VATICAN CITY (CNS) — Encounter. It’s a word Pope Francis uses often and something he insists is the concrete first step toward faith and toward building a better world.

Talking with others and not just about them is key to an authentic encounter, which was at the heart of what Pope Francis did in Egypt April 28-29. The success of the trip proved that meeting and respectfully listening to one person or group does not mean hiding one’s identity, taking sides against anyone or, least of all, pointing out the other’s flaws while pretending to have none of one’s own.

In Cairo, Pope Francis joined with the leader of the world’s premier Sunni Muslim university in insisting that openness to faith is an essential part of the human experience and in denouncing violence blasphemously carried out in the name of religion.

Later that night, with quiet reverence Pope Francis paid tribute to the Coptic Orthodox Church’s modern martyrs, praying before a memorial in Cairo marking the place where 29 people were killed and 31 wounded in December by a suicide bomber.

“Your sufferings are also our sufferings,” Pope Francis told Coptic Orthodox Pope Tawadros II.

Pope Francis did not close his eyes to terrorist violence carried out in the name of a fundamentalist reading of Islam. But he took at his word Sheik Ahmad el-Tayeb, the grand imam of al-Azhar University, who opened the conference the day before saying that terrorism “is not justified by Islamic law or the Quran, but stems from greatly unjust policies of domination, hegemony and double standards,” according to the Egypt-based MENA news agency.

Speaking again immediately before Pope Francis addressed the conference April 28, el-Tayeb was applauded when he insisted “Islam is not a religion of terrorism” simply because a minority of people calling themselves Muslims “manipulate” Islamic texts and “misinterpret them ignorantly.”

If the sweeping generalizations about Islam and violence were applied to others, the sheik said, “no religion, regime, civilization or history would stand innocent from (charges of) violence and terrorism.”

When the sheik finished speaking, Pope Francis embraced him tightly as cameras clicked away. The next day a photo of the embrace was on the front page of the Vatican newspaper and of newspapers across Egypt and the Middle East.

Abdal Hakim Murad, who had studied at al-Azhar and is now dean of the U.K.’s Cambridge Muslim College, said, “At a time of great global uncertainty, Francis is looking for a path through a minefield.

“In the Middle East, he seems to know who to reach out to, and one hopes that in time he will become as popular in the Muslim world as was his charismatic predecessor John Paul II,” Murad told Catholic News Service.

The embrace of the pope and the imam and the speeches were not the only things that caught the attention of people in the Middle East.

Pope Francis’ opening words at al-Azhar were “As-salamu alaykum,” which means “peace be with you” in Arabic and is the standard greeting among Muslims, especially at prayer and other religious events.

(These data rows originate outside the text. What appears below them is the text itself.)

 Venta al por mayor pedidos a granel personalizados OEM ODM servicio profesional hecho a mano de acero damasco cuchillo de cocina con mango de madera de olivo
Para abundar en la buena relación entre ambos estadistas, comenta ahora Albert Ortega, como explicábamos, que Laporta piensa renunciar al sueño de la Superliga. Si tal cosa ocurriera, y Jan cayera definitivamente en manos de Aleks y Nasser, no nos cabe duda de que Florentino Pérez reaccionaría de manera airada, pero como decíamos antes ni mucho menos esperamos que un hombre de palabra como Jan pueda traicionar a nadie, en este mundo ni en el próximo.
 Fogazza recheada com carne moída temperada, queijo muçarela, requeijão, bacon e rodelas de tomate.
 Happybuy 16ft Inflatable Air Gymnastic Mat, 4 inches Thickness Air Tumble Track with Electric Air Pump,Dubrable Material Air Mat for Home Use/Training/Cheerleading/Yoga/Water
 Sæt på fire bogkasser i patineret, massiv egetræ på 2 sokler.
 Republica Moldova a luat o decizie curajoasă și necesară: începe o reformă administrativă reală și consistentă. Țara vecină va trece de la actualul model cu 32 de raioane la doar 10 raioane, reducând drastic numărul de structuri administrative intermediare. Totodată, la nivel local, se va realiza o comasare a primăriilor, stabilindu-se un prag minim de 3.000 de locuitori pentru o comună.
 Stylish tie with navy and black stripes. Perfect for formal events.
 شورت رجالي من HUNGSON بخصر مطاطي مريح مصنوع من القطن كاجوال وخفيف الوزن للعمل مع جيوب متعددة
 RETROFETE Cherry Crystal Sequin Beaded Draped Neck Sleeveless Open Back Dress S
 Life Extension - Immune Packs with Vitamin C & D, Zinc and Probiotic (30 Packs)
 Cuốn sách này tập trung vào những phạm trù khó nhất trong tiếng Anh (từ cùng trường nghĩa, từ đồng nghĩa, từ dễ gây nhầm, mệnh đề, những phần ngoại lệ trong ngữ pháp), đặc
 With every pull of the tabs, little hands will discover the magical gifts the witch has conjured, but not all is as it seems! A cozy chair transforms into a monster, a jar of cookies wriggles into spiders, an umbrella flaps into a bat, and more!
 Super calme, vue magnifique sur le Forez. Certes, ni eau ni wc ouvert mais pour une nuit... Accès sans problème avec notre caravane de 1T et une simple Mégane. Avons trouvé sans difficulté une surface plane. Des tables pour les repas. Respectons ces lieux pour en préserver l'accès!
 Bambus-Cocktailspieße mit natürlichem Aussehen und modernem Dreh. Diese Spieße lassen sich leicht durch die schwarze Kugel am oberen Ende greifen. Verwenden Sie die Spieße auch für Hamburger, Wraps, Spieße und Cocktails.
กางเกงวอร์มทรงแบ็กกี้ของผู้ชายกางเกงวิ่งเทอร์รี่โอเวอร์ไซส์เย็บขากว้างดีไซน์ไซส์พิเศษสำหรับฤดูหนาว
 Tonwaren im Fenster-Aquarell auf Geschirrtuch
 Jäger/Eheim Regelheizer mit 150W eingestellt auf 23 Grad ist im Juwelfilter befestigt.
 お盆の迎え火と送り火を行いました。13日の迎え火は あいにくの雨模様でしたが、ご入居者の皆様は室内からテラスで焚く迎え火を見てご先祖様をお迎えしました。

“During a meeting like this, these words are a religious obligation for us,” Mohammad Sammak, secretary general of the Christian-Muslim Committee for Dialogue in Lebanon, told the news site Vatican Insider. “The pope wanted to say this to all of us in our language. This really touched the hearts and minds of everyone.”

On the eve of Pentecost in 2013, just two months into his pontificate, Pope Francis said that creating “a culture of encounter” is something he always saw as an important part of his ministry and something he believes the church and the world need more than ever.

A culture of encounter, he said, is “a culture of friendship, a culture in which we find brothers and sisters, in which we can speak with those who think differently, as well as those who hold other beliefs, who do not have the same faith.”

“They all have something in common with us: They are images of God, they are children of God,” he said. Creating a culture of encounter is being confident enough to go out “to meet everyone without losing sight of our own position.”

Shying away from such encounters might seem like a prudent and safe way to live, but Pope Francis thinks it is completely unhealthy.

“Being closed and isolated always makes for a stifling, heavy atmosphere, which sooner or later ends up creating sadness and oppression,” he told diplomats in 2014.

Real encounters happen only when people are honest with each other, including about what they believe and how they may be different.

At al-Azhar, Pope Francis, who referred to el-Tayeb as “my brother,”s talked about the source of his inspiration for encounter and, ultimately, peacemaking. “For our part, as Christians — and I am a Christian — we cannot truly pray to God the father of all if we treat any people as other than brothers and sisters, for all are created in God’s image,” he said.

And, celebrating Mass April 29 with members of Egypt’s small Catholic community, Pope Francis insisted that being a true Christian means being committed to an encounter with all of one’s brothers and sisters.

True faith, he said in his homily, “makes us see the other not as an enemy to be overcome, but a brother or sister to be loved, served and helped. It spurs us on to spread, defend and live out the culture of encounter, dialogue, respect and fraternity.”

“True faith,” he said, “leads us to protect the rights of others with the same zeal and enthusiasm with which we defend our own.”